### What the exercise asks
Transcribe the line holding "Searching for a" together with every line after it, through the end of the records, exactly and with no pictures.

(Material to process)

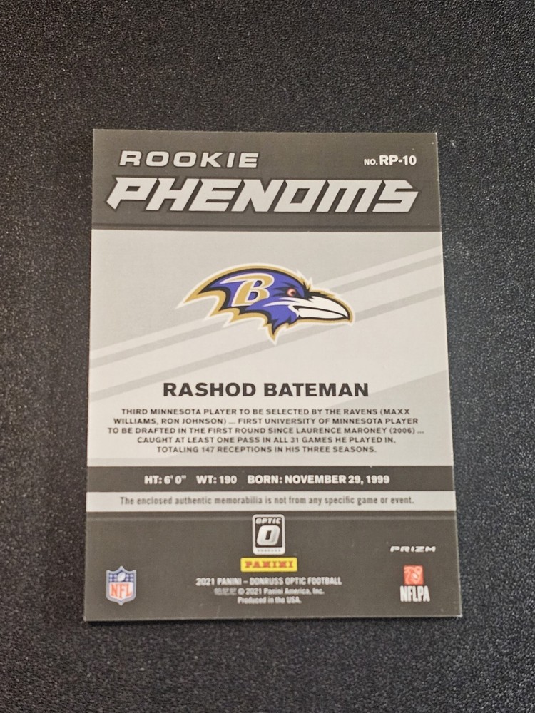 Autographed: No Manufacturer: Panini Type: Sports Trading Card Card Number: #RP-10 League: National Football League (NFL) Autograph Authentication: Donruss Season: 2021 Sport: Football Parallel/Variety: Blue Hyper Vintage: No Player/Athlete: Rashod Bateman Features: Memorabilia, Parallel/Variety, Rookie Card Name: Rashad Bateman rookie patch Team: Baltimore Ravens Insert Set: Rashad Bateman rookie patch Original/Licensed Reprint: Original Set: 2021 Donruss Optic
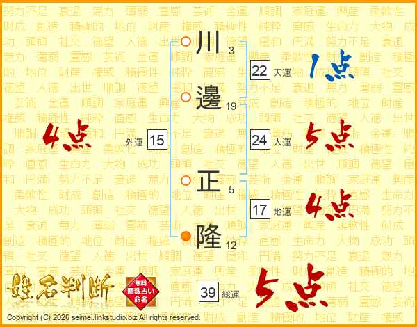 川邊正隆さんの総運は39画の5点!
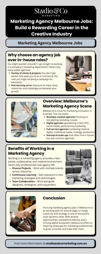 Searching for a marketing agency melbourne job? If you are hungry and ready to make your mark, Studio & Co Marketing have some awesome opportunities for innovative thinkers Join a passionate group of individuals shaping brands through digital strategy, design and innovation. Begin by searching for your dream marketing job develop, learn and prosper with Studio & Co Marketing in the heart of Melbourne! https://studioandcomarketing.com.au/
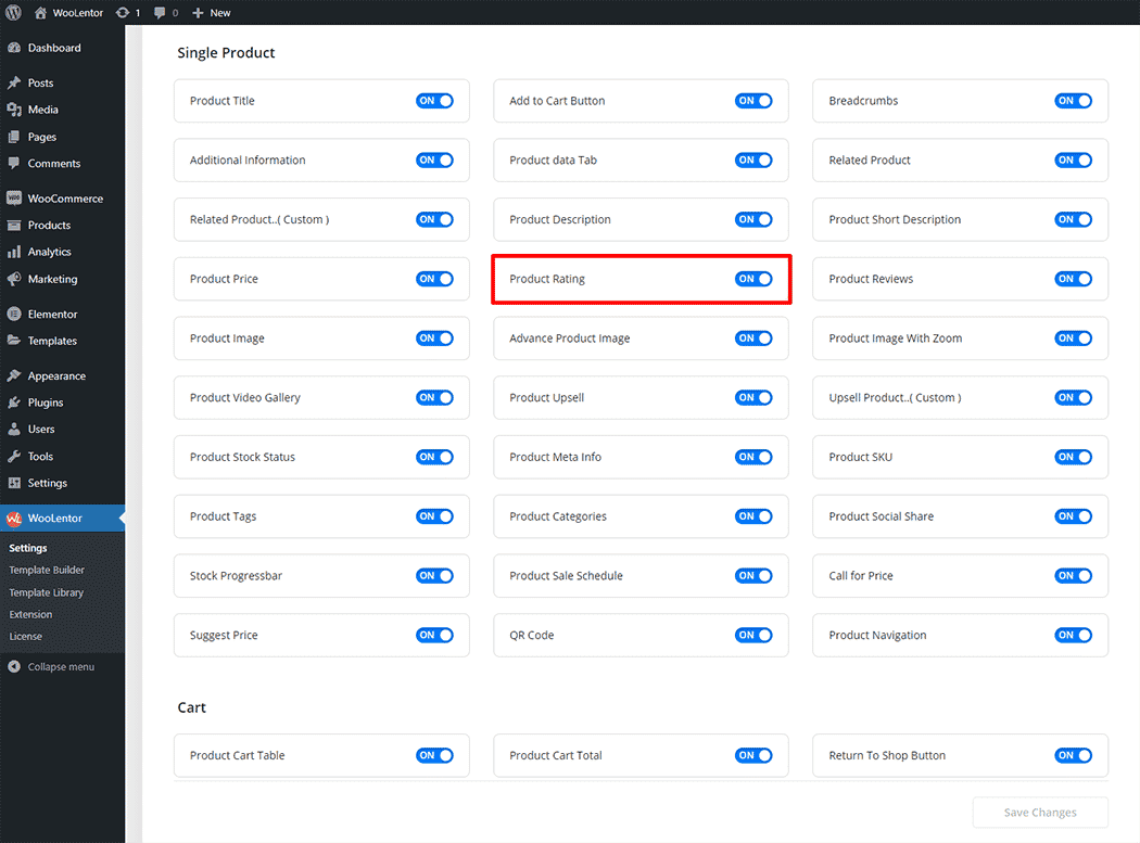 Go to WordPress Dashboard > WooLentor > Settings > Elements. From the list of Elements, turn ON the “Product Rating” widget.
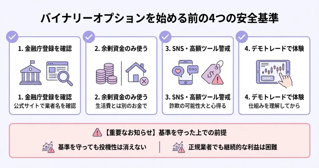 ここまでで、合法的な国内業者における投資リスクと、詐欺的な勧誘による金銭被害という2つの「やばい」要素が見えてきました。次のセクションでは、これらを踏まえた上で、実際にバイナリーオプションに取り組むべきか判断するための基準を整理します。

(End Material to process)

### Answer box
 Searching for a marketing agency melbourne job? If you are hungry and ready to make your mark, Studio & Co Marketing have some awesome opportunities for innovative thinkers Join a passionate group of individuals shaping brands through digital strategy, design and innovation. Begin by searching for your dream marketing job develop, learn and prosper with Studio & Co Marketing in the heart of Melbourne! https://studioandcomarketing.com.au/
 Go to WordPress Dashboard > WooLentor > Settings > Elements. From the list of Elements, turn ON the “Product Rating” widget.
 ここまでで、合法的な国内業者における投資リスクと、詐欺的な勧誘による金銭被害という2つの「やばい」要素が見えてきました。次のセクションでは、これらを踏まえた上で、実際にバイナリーオプションに取り組むべきか判断するための基準を整理します。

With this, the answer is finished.